▶ [DATA TO USE]
--------

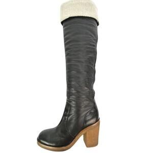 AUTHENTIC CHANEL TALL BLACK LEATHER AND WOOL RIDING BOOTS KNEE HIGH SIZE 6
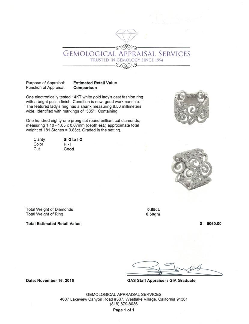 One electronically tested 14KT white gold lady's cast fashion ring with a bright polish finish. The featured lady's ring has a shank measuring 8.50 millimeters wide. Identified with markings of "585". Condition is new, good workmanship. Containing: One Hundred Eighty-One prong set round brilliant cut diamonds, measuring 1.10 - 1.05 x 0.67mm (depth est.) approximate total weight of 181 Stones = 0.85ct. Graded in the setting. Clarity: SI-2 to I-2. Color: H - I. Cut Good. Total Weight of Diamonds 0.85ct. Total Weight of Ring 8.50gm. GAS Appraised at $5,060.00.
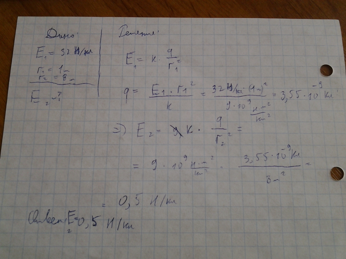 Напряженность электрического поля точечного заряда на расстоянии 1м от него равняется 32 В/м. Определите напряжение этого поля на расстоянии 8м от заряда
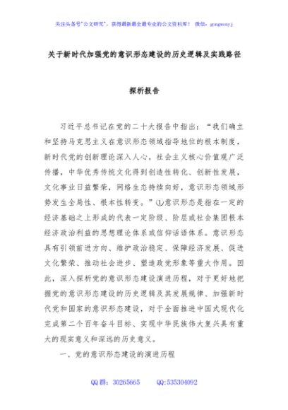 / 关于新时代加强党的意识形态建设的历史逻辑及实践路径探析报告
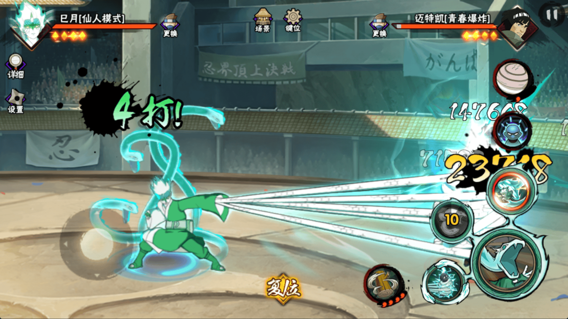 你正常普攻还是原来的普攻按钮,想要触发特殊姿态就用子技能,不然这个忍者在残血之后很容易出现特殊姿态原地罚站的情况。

--------

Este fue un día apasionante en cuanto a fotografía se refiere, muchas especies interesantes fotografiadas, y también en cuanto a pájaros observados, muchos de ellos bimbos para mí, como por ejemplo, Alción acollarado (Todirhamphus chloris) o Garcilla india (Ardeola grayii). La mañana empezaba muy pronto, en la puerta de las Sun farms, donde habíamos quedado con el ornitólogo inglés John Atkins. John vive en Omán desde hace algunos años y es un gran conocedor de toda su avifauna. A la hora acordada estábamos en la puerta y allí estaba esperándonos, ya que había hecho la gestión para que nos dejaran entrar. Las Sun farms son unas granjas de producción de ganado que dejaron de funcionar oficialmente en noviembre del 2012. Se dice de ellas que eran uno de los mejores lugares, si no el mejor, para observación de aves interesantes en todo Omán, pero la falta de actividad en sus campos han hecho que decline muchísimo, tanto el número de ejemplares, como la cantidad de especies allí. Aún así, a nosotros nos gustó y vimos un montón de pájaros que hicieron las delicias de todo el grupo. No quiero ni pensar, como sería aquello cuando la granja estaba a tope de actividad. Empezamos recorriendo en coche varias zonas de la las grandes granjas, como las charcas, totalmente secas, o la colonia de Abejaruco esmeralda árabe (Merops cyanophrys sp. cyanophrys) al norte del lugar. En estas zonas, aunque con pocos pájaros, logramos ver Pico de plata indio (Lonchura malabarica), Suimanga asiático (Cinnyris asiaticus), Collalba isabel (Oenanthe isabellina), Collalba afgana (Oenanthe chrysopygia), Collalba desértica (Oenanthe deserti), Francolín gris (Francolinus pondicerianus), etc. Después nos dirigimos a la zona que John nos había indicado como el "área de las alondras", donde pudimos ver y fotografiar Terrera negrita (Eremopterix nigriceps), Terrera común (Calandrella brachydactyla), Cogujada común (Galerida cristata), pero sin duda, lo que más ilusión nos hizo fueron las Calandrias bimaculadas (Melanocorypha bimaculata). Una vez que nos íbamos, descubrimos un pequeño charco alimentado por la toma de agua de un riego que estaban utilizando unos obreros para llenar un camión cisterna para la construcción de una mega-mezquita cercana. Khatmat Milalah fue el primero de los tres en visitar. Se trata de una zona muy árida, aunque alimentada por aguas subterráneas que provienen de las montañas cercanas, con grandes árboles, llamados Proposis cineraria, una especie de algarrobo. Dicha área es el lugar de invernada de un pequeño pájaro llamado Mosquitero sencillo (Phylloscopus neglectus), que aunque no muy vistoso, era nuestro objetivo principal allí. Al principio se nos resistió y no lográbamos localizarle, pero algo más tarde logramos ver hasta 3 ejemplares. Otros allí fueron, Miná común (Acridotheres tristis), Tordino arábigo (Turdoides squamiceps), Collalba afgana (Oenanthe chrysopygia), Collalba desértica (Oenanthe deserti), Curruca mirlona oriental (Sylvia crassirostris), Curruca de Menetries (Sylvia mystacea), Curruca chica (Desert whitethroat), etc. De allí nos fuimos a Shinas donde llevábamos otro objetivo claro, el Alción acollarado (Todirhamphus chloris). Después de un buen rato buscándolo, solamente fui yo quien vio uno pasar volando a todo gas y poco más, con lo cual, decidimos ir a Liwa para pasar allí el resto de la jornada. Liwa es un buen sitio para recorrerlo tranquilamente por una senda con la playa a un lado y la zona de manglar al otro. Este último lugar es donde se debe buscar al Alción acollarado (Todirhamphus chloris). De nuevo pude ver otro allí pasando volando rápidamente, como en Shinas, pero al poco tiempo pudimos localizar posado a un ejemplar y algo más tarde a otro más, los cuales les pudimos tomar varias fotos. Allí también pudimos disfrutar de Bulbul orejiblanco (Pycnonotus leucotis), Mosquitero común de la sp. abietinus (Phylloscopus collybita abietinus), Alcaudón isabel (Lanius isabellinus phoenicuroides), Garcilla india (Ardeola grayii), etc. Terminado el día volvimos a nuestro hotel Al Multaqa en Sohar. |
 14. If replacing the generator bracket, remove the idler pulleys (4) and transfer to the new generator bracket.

--------

▶ [EXERCISE GOAL]
Please set down, exactly and with no pictures, the lines in the entries above starting at the one holding "Напряженность электрического поля" and ending at the one holding "你正常普攻还是原来的普攻按钮", ends included.

▶ [SOLVED PROBLEM]
 Напряженность электрического поля точечного заряда на расстоянии 1м от него равняется 32 В/м. Определите напряжение этого поля на расстоянии 8м от заряда
 / 关于新时代加强党的意识形态建设的历史逻辑及实践路径探析报告
 你正常普攻还是原来的普攻按钮,想要触发特殊姿态就用子技能,不然这个忍者在残血之后很容易出现特殊姿态原地罚站的情况。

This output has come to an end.